Extracted data entries -
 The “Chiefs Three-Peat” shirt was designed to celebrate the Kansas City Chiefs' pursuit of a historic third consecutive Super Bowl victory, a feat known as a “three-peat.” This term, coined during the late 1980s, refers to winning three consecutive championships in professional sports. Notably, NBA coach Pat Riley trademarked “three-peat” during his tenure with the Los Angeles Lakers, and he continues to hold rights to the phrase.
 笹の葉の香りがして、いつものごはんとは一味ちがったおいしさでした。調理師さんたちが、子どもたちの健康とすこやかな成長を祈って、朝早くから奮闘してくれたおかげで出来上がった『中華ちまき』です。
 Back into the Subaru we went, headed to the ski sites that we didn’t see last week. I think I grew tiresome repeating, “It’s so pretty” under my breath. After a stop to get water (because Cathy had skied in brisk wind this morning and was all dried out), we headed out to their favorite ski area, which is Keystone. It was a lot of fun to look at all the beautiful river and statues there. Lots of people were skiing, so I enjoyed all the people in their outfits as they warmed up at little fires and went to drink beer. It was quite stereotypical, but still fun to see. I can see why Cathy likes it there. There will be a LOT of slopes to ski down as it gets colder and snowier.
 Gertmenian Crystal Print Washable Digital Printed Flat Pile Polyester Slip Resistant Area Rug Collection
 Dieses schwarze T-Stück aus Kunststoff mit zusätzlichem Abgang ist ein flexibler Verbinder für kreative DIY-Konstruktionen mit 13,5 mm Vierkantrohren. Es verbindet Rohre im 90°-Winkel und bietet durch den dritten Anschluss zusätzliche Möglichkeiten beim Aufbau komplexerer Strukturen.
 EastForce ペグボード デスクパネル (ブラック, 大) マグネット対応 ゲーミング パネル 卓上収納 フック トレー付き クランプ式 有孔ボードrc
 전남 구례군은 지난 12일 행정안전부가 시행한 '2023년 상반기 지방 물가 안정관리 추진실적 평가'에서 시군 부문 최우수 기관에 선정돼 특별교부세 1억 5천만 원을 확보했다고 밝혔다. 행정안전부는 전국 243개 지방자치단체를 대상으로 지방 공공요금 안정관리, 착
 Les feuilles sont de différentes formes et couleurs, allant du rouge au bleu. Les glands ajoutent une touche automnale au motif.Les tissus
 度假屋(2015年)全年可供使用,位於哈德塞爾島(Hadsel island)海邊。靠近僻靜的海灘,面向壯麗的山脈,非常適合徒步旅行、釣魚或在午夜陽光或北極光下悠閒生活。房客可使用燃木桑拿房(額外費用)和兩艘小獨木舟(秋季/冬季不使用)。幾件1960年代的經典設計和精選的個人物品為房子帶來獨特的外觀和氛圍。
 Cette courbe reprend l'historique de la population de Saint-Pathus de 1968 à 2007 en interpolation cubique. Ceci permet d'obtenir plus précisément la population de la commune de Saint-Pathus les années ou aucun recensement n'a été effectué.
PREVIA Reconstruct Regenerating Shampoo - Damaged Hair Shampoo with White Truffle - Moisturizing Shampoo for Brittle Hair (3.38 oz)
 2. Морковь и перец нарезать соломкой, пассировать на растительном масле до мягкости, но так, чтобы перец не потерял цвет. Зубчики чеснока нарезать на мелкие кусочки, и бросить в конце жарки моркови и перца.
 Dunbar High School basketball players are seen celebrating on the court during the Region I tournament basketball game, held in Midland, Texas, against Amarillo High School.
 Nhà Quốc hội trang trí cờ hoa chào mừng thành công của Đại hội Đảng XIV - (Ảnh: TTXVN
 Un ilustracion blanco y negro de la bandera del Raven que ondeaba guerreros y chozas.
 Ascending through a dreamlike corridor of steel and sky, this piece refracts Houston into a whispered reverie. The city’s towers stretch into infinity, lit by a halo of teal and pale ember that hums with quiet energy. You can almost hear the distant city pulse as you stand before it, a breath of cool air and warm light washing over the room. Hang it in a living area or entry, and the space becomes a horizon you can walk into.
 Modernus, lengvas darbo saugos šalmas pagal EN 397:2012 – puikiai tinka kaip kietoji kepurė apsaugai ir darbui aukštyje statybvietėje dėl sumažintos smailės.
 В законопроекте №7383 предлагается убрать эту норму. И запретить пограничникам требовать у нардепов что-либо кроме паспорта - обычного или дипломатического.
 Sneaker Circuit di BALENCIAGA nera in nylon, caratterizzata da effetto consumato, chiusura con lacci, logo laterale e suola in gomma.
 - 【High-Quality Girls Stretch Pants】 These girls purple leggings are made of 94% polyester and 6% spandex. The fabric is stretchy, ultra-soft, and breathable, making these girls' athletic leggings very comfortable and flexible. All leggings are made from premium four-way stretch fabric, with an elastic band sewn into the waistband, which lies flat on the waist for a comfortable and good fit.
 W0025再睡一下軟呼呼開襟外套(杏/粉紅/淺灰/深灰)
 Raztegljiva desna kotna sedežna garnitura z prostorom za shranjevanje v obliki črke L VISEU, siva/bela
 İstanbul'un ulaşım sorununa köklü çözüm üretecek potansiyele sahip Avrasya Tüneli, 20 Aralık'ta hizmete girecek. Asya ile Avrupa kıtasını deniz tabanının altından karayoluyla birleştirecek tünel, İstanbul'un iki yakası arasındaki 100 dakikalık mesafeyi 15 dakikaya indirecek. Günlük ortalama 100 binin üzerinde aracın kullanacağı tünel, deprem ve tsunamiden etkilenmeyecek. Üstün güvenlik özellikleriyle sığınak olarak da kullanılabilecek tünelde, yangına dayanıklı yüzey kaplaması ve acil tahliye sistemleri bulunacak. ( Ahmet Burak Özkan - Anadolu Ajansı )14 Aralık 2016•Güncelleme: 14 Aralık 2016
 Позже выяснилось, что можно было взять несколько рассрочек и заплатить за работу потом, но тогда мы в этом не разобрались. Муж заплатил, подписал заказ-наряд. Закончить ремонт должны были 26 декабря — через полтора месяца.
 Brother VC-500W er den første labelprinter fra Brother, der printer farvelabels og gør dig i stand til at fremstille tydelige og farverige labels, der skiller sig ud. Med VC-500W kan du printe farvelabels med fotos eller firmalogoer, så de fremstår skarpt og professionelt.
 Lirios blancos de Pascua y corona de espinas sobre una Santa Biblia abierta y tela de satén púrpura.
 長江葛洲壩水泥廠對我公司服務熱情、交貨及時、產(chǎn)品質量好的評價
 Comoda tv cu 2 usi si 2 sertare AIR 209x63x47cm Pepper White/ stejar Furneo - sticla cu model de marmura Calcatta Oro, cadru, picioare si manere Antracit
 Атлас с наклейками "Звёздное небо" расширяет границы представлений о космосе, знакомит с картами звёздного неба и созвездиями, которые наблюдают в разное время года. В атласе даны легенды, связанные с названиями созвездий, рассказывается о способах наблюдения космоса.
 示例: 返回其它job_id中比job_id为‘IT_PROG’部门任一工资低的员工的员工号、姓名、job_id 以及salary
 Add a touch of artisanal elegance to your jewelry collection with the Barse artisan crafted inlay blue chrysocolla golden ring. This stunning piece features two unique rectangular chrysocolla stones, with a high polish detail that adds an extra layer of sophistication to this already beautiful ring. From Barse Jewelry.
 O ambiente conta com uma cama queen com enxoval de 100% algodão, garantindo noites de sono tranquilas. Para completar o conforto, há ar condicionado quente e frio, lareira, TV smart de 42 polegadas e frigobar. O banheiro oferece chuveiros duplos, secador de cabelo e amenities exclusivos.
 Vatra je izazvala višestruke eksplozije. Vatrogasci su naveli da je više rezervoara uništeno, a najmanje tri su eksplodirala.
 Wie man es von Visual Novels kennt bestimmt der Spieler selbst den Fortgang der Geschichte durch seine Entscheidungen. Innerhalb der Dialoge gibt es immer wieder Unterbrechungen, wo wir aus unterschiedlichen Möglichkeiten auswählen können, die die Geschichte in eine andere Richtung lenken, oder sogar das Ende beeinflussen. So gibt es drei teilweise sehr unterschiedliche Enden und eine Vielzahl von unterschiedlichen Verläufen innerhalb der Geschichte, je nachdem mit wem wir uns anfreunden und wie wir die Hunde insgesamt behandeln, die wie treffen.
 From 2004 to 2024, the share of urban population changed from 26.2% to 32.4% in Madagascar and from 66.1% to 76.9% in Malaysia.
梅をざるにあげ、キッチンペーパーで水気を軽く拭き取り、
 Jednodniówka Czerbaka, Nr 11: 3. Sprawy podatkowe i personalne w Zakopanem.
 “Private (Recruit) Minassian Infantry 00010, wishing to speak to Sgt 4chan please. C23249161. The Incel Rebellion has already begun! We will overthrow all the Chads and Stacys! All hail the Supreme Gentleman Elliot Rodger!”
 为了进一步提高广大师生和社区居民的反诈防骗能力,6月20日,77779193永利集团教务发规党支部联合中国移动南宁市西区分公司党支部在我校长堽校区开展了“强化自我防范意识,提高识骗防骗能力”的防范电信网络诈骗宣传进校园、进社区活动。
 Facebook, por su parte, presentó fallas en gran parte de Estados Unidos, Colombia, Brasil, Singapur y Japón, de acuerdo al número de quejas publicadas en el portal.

What to do - Among the records above, only the lines between the line holding "Raztegljiva desna kotna" and the line holding "Brother VC-500W er", inclusive, are to be output, exactly as written.

Solution for this task -
 Raztegljiva desna kotna sedežna garnitura z prostorom za shranjevanje v obliki črke L VISEU, siva/bela
 İstanbul'un ulaşım sorununa köklü çözüm üretecek potansiyele sahip Avrasya Tüneli, 20 Aralık'ta hizmete girecek. Asya ile Avrupa kıtasını deniz tabanının altından karayoluyla birleştirecek tünel, İstanbul'un iki yakası arasındaki 100 dakikalık mesafeyi 15 dakikaya indirecek. Günlük ortalama 100 binin üzerinde aracın kullanacağı tünel, deprem ve tsunamiden etkilenmeyecek. Üstün güvenlik özellikleriyle sığınak olarak da kullanılabilecek tünelde, yangına dayanıklı yüzey kaplaması ve acil tahliye sistemleri bulunacak. ( Ahmet Burak Özkan - Anadolu Ajansı )14 Aralık 2016•Güncelleme: 14 Aralık 2016
 Позже выяснилось, что можно было взять несколько рассрочек и заплатить за работу потом, но тогда мы в этом не разобрались. Муж заплатил, подписал заказ-наряд. Закончить ремонт должны были 26 декабря — через полтора месяца.
 Brother VC-500W er den første labelprinter fra Brother, der printer farvelabels og gør dig i stand til at fremstille tydelige og farverige labels, der skiller sig ud. Med VC-500W kan du printe farvelabels med fotos eller firmalogoer, så de fremstår skarpt og professionelt.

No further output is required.